*What the exercise asks*. Return all lines from the listing below in which "Also" appears.

*Data for the task*.

[Start of Attachment]

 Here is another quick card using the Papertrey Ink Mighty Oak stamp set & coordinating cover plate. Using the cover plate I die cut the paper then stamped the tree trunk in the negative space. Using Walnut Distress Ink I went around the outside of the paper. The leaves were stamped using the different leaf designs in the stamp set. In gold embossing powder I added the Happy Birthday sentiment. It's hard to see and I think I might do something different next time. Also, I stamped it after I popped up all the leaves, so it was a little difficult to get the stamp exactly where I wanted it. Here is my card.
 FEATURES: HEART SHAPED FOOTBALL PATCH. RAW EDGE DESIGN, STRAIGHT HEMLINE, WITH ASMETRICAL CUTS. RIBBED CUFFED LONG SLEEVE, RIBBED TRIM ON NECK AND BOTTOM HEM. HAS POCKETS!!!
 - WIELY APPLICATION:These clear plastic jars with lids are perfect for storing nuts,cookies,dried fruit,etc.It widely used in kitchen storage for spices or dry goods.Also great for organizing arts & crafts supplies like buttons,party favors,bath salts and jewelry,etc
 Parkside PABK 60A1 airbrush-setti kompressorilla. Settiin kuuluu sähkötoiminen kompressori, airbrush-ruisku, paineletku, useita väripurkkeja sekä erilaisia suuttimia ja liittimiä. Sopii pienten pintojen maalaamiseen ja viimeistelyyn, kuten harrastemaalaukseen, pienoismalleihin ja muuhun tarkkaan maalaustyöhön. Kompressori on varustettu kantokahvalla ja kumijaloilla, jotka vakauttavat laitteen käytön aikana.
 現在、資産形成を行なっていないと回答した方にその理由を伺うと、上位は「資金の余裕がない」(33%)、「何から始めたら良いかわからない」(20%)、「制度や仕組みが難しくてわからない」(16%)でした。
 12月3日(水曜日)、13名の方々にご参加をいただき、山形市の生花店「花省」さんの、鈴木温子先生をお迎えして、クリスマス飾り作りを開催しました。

[End of Attachment]
[Start of Attachment]

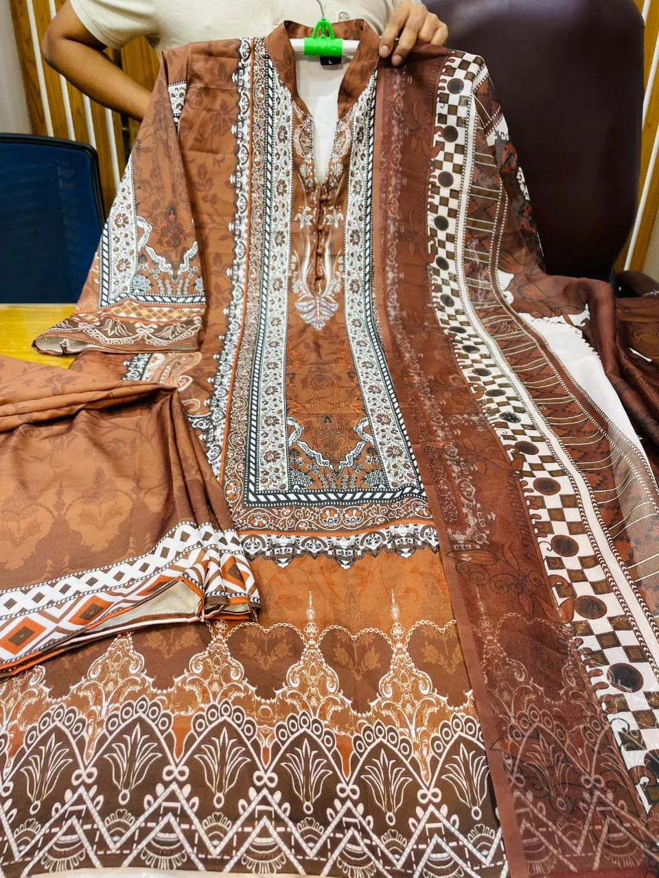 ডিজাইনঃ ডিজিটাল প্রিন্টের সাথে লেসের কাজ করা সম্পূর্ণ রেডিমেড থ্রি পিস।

[End of Attachment]

*Answer box*.
 Here is another quick card using the Papertrey Ink Mighty Oak stamp set & coordinating cover plate. Using the cover plate I die cut the paper then stamped the tree trunk in the negative space. Using Walnut Distress Ink I went around the outside of the paper. The leaves were stamped using the different leaf designs in the stamp set. In gold embossing powder I added the Happy Birthday sentiment. It's hard to see and I think I might do something different next time. Also, I stamped it after I popped up all the leaves, so it was a little difficult to get the stamp exactly where I wanted it. Here is my card.
 - WIELY APPLICATION:These clear plastic jars with lids are perfect for storing nuts,cookies,dried fruit,etc.It widely used in kitchen storage for spices or dry goods.Also great for organizing arts & crafts supplies like buttons,party favors,bath salts and jewelry,etc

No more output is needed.